Professor Curtis cited other studies, still in pre-print, that indicate covid vaccination is blunted by some drugs including mycophenolate, rituximab and possibly JAK inhibitors. “So that’s not that dissimilar, frankly, to what we see with the other vaccines, influenza, pneumococcal,” he said.

“A fairly high proportion of rheumatology patients have undetectable antibodies after the first dose of covid-19 vaccination,” Professor Curtis said. At least two vaccine doses and a booster were recommended

The ACR guidelines differed somewhat to the Australian Living Guidelines which recommended to not interrupt the majority of drug therapies for covid-19 vaccinations. The Australian Rheumatology Association has previously stated that they recommend Australian clinicians refer to the domestic guidelines. These guidelines were last updated on 25 June.
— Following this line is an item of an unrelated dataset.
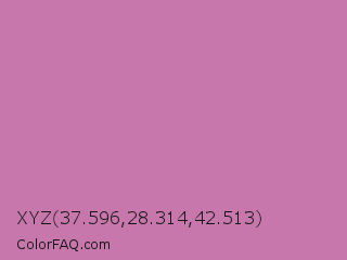 XYZ 37.596,28.314,42.513 Color is a light magenta color and the nearest color is Sky Magenta #cf71af. Hex code #c777ac and RGB value is rgb(199,119,172). In RGB color space, this color is composed of 78% red, 47% green, 67% blue, In CMYK color space, this color is composed of 0% cyan, 40% magenta, 14% yellow , 22% black , In HSL color space, this color has a hue angle of 320° , 42% saturation and 62% lightness.
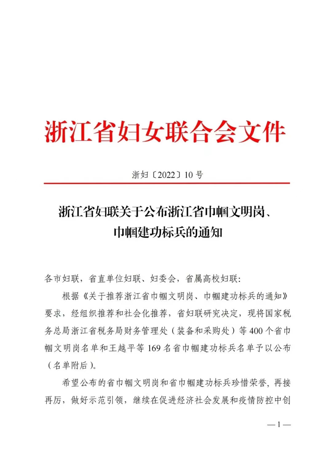近日,浙江省妇联下发了《浙江省妇联关于公布浙江省巾帼文明岗、巾帼建功标兵的通知》,我院城市轨道交通运营管理教研室荣获“浙江省巾帼文明岗”称号。

Professor Curtis also said that ACR guidelines suggested rheumatologists should not encourage patients to go beyond public health orders on social distancing. This could induce unreasonable covid-related fear in patients, he said. “It’s not going to be a helpful strategy to avoid things that might reduce employment or social interaction.” 

Also featured at the ACR – APLAR session was research into racial differences in systemic sclerosis phenotype, presented by Professor Lorinda Chung from Stanford University School of Medicine.

Many studies suggest that people from Asian and Black racial groups have onset of systemic sclerosis at an earlier age, high prevalence of lung disease and higher mortality rates, Professor Chung said. Rheumatologists should therefore consider close follow-up for Asian and Black patients who present with Raynaud’s phenomenon or undifferentiated connective tissue disease in order to capture systemic sclerosis onset.

“Once the diagnosis of systemic sclerosis is clear,” she told Rheumatology Republic after the conference, “early and regular screening for lung disease, and potentially earlier and more aggressive treatment, should be considered for Blacks and Asians.”

The progress of drug therapies for psoriatic arthritis was also presented. Professor Philip Mease, director of rheumatology at the Swedish Medical Centre in Washington, summarised head-to-head trial data between various medications. He also touched on the impact of gut microbiota in the development of psoriatic arthritis, and the latest treatment guidelines from Group for Research and Assessment of Psoriasis and Psoriatic Arthritis (GRAPPA).

Wrapping up his presentation on a high note, Professor Mease said, “This is a good time for treatment of psoriatic arthritis.

“Our patients have a number of different medications to choose from and to move onto, if they lose effect or have safety issues with current medications, as we try to achieve a goal of remission or low disease activity.”